At the beginning of the semester, we warned you to not open any text file using Microsoft Word. This is because Word, by default, uses the default encoding system that your operating system uses to decode a text. This is means that if your operating system using an encoding system that is different from actual encoding system that the text file was encoded in, then you'll get some weird garbage text that makes no sense.

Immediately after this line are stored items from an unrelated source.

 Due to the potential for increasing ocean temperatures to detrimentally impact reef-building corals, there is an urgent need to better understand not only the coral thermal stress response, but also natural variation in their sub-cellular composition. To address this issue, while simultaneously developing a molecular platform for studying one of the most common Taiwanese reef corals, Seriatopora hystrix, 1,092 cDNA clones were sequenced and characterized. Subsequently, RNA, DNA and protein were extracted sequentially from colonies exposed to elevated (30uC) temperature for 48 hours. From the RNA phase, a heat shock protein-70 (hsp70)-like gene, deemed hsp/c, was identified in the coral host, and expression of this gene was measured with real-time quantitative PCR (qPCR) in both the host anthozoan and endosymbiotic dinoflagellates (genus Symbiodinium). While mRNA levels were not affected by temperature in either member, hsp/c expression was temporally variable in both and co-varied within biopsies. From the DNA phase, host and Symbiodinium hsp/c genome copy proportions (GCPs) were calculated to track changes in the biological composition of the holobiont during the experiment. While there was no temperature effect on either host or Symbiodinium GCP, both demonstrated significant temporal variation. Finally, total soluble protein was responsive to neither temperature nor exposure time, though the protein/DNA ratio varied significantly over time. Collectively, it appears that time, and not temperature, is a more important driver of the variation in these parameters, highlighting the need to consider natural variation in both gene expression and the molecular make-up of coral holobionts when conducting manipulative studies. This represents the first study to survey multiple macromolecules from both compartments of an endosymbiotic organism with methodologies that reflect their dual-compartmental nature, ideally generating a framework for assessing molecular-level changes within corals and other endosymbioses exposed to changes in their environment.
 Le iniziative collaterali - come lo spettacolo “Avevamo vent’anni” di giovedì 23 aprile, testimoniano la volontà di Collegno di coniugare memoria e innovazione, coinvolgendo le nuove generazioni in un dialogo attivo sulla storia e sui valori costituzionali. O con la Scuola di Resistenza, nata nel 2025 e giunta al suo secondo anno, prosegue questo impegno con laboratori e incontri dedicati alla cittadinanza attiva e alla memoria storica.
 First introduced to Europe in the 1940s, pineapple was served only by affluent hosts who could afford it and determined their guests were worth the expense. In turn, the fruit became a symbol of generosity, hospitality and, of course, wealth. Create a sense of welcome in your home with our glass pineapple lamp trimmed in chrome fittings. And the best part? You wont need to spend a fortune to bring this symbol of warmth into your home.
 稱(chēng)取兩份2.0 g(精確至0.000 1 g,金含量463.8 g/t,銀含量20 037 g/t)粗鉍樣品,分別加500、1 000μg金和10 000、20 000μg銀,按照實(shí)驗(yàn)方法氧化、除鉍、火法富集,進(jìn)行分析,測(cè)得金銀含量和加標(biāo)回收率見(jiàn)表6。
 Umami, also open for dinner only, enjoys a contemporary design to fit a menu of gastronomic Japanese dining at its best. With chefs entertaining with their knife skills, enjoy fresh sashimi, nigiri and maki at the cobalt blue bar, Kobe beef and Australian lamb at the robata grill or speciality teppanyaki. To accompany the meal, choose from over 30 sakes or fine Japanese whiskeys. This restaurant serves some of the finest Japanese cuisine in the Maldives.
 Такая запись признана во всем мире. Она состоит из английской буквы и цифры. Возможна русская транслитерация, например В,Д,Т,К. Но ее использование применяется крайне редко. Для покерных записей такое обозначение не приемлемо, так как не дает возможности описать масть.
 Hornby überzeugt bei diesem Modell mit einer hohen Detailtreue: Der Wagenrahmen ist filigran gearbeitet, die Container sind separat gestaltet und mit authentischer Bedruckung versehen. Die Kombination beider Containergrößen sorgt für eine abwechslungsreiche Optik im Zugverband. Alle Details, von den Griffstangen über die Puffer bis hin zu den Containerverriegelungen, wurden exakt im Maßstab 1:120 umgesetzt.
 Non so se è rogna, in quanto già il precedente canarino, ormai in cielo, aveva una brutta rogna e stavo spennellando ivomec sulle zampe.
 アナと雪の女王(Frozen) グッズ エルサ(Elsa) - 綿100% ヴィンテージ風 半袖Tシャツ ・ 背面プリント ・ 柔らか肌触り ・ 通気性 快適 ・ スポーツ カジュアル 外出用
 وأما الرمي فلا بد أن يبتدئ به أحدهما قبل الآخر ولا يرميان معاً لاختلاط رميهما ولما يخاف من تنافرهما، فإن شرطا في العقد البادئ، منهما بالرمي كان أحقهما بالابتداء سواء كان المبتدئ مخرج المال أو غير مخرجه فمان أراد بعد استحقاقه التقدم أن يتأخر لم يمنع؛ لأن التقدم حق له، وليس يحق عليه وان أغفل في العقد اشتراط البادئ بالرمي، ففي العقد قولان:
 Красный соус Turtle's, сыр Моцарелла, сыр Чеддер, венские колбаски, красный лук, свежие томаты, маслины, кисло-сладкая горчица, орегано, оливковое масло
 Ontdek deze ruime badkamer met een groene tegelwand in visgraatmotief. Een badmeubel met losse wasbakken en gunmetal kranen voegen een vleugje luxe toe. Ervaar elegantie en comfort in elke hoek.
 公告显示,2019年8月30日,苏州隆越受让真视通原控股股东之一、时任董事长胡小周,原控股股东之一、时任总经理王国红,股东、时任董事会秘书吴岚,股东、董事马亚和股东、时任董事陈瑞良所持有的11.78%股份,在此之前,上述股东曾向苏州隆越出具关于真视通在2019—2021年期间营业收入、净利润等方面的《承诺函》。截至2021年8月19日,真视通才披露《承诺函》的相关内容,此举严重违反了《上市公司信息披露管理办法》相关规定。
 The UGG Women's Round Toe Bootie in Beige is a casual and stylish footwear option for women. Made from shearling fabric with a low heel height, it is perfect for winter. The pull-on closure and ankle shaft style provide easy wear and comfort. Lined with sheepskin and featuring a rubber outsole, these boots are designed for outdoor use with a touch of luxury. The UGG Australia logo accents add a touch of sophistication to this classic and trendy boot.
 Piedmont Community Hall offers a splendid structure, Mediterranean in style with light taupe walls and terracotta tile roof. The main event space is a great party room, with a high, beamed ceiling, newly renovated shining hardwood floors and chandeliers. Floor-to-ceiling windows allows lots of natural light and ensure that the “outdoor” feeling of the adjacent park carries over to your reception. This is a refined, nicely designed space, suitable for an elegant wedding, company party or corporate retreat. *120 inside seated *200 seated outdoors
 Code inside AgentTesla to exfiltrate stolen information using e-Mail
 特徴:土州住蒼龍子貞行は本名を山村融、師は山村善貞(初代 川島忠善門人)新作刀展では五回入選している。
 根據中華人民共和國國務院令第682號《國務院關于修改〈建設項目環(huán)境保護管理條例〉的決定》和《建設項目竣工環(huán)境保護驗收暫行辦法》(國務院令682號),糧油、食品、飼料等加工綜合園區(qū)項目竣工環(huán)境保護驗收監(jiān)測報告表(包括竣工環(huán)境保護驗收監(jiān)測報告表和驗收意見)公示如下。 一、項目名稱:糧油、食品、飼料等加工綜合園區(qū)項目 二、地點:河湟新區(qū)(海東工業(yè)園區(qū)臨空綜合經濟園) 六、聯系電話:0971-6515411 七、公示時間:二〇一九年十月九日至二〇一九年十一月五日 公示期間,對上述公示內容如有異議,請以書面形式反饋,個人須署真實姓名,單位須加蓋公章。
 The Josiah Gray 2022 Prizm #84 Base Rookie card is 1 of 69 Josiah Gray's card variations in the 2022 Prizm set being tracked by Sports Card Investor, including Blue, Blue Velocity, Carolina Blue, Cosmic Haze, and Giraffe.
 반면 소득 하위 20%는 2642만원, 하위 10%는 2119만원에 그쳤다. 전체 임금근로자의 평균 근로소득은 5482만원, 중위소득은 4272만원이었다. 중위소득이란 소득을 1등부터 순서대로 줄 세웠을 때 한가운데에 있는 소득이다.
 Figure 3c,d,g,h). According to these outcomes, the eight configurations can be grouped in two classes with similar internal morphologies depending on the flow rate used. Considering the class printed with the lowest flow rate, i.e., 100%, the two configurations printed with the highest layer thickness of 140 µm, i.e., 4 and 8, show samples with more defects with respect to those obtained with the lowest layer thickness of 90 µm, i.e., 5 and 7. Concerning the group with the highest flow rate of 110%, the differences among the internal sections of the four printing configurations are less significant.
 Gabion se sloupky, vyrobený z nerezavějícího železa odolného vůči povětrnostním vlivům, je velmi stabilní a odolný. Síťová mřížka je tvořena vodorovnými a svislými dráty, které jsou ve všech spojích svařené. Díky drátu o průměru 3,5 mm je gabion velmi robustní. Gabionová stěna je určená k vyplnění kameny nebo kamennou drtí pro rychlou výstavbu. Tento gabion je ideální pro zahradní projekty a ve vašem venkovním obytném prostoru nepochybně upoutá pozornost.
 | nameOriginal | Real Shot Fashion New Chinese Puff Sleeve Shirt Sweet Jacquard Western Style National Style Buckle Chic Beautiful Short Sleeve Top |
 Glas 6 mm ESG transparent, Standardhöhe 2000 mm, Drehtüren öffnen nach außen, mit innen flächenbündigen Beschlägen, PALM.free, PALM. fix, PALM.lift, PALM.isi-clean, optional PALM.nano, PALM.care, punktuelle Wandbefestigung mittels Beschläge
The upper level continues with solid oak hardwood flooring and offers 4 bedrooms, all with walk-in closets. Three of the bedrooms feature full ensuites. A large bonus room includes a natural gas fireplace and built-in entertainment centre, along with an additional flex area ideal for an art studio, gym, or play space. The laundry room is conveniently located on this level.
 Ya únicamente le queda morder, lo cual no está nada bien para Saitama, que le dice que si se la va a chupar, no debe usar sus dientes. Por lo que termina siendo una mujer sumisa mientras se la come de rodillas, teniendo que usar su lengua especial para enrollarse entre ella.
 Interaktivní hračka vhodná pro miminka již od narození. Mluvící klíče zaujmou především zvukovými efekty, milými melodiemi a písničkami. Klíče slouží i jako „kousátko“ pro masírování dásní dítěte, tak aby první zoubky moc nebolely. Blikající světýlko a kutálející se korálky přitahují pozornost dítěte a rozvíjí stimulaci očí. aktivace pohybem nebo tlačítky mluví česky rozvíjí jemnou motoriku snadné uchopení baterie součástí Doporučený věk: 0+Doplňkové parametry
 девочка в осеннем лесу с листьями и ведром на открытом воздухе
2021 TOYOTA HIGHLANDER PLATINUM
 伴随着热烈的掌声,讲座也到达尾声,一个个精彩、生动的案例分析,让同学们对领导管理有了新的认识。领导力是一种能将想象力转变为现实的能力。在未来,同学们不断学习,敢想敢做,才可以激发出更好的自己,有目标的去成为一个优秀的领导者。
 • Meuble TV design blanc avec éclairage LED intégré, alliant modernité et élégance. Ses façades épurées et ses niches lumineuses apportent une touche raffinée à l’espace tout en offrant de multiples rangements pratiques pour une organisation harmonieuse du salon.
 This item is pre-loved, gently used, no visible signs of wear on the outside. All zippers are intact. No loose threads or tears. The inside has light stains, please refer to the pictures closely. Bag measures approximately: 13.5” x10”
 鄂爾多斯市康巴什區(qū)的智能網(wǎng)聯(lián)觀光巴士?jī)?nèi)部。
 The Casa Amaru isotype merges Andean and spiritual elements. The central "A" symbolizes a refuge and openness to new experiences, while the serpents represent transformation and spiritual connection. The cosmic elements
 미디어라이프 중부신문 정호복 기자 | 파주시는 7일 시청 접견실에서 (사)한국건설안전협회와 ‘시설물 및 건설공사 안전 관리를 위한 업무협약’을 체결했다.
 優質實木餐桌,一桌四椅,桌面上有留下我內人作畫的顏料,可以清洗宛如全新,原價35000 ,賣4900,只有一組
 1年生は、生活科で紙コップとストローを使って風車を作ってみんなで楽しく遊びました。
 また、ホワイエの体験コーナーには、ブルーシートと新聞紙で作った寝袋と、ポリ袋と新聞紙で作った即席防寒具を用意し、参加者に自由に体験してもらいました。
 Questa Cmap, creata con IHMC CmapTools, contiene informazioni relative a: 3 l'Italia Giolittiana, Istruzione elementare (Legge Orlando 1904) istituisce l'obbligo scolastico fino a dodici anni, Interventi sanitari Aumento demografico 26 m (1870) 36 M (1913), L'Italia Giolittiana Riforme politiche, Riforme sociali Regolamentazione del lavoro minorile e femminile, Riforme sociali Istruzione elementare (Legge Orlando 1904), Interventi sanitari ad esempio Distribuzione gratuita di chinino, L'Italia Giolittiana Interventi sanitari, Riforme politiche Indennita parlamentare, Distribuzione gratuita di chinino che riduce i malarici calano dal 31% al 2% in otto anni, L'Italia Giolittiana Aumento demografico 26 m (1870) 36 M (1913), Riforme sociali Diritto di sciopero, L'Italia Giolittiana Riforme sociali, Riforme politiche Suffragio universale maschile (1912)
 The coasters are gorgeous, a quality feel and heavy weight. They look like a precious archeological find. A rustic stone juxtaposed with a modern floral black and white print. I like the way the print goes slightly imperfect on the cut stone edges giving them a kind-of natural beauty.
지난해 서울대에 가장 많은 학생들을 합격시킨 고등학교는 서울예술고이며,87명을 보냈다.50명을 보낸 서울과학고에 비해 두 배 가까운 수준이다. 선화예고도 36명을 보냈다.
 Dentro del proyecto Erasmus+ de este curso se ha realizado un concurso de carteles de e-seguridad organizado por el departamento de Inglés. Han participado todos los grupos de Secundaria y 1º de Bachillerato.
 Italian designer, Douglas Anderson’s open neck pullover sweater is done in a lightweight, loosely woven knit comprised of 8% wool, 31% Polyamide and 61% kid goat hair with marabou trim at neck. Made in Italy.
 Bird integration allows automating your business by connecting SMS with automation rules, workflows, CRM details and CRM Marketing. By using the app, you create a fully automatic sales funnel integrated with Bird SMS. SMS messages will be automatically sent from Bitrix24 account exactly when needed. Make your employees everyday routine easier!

By default, Microsoft Word will use the defaul encoding system that your operating system uses. On Mac OS, the default encoding system is `mac-roman`. On windows, the default encoding system is `Latin-1`.

Here is an example. Let's say you accidently opened up a text file using Word, and Word converted whatever you had originally to the string below. Let's try to fix this in Python.



In [None]:
string_corrupted = 'ÉGÉìÉRÅ[ÉfÉBÉìÉOÇÕìÔÇµÇ≠Ç»Ç¢'

Let's assume we opened this text file using Word on Mac OS. That means that whatever the original text contained, it probably got converted into the corrupted string above using the `mac-roman` encoding system. Thus, we must first reverse the encoding process.

In [None]:
string_corrupted_encoded = string_corrupted.encode('mac-roman')
string_corrupted_encoded

We converted corrupted string encoded back into computer data using `mac-roman`. Now we have to figure out what the original encoding system was in order to decode this computer data back into the original. Let's try `UTF-8`.

In [None]:
string_corrupted_encoded.decode('UTF-8')

But notice how we're getting an error that is similar to that of when we tried to encode and decode some foreign text using ASCII. This pretty much means that the `UTF-8` encoding system isn't the right encoding scheme to use.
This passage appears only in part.